Title: COMPUTER ASSISTED COLOR CLASSIFICATION OF PEANUT PODS

Author
item BOLDOR, DORIN - NC STATE UNIVERSITY
item Sanders, Timothy
item SWARTZEL, KENNETH - NC STATE UNIVERSITY
item SIMUNOVIC, JOSIP - NC STATE UNIVERSITY

Submitted to: Peanut Science
Publication Type: Peer Reviewed Journal
Publication Acceptance Date: 11/22/2000
Publication Date: 1/25/2003
Citation: BOLDOR, D., SANDERS, T.H., SWARTZEL, K.R., SIMUNOVIC, J. COMPUTER ASSISTED COLOR CLASSIFICATION OF PEANUT PODS. PEANUT SCIENCE. 2003. V. 29. P. 41-46.

Interpretive Summary: Current methodology for peanut harvest date determination is subjective, time-consuming, and costly because of the personnel required. Upgraded methods need to be developed. In cooperation with the Department of Food Science, North Carolina State University, a computer-assisted color vision system for peanut hull scrape colors was developed. Use of the system will improve peanut harvest date prediction in a manner which is rapid, less expensive, objective and more consistent.

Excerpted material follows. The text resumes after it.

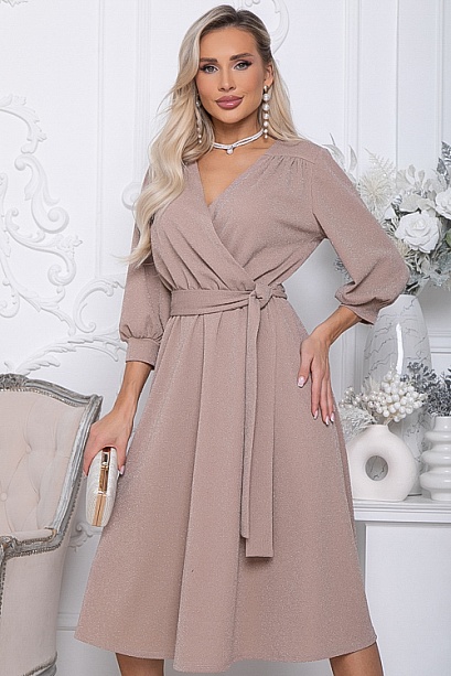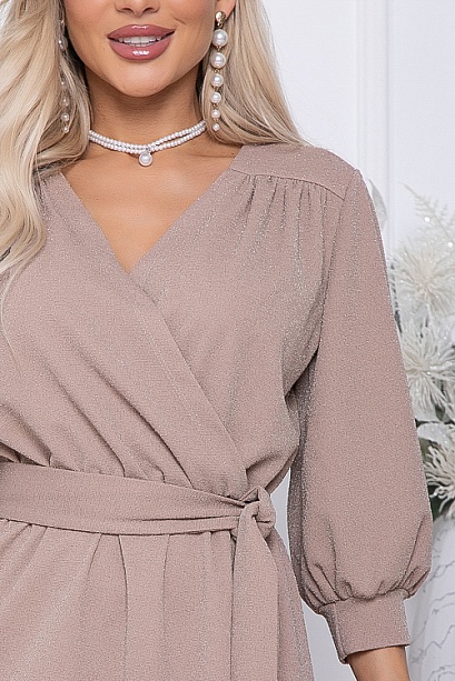 Платье из трикотажного полотна с люрексом,отрезное по линии талии с эластичной резиной,юбка расклешенная летящая.По лифу эффектный запах.Пояс из основной ткани в комплекте

Technical Abstract: Mesocarp color classification in the Hull Scrape Maturity method is the most important step in determining peanut maturity and optimum harvest date. This research involved the development of an image acquisition system and a software procedure for color classification. Images of peanut pods which had been manually sorted into color classes and subclasses were used in computer training. After training with assorted color classes, the computer-assisted procedure correctly classified and identified the peanut pods with a 99% precision for the same sample in different alignment, and for a 95% precision for different size samples taken from the same population. Pod size measurement with a resolution of 0.1 mm was also performed using image processing techniques.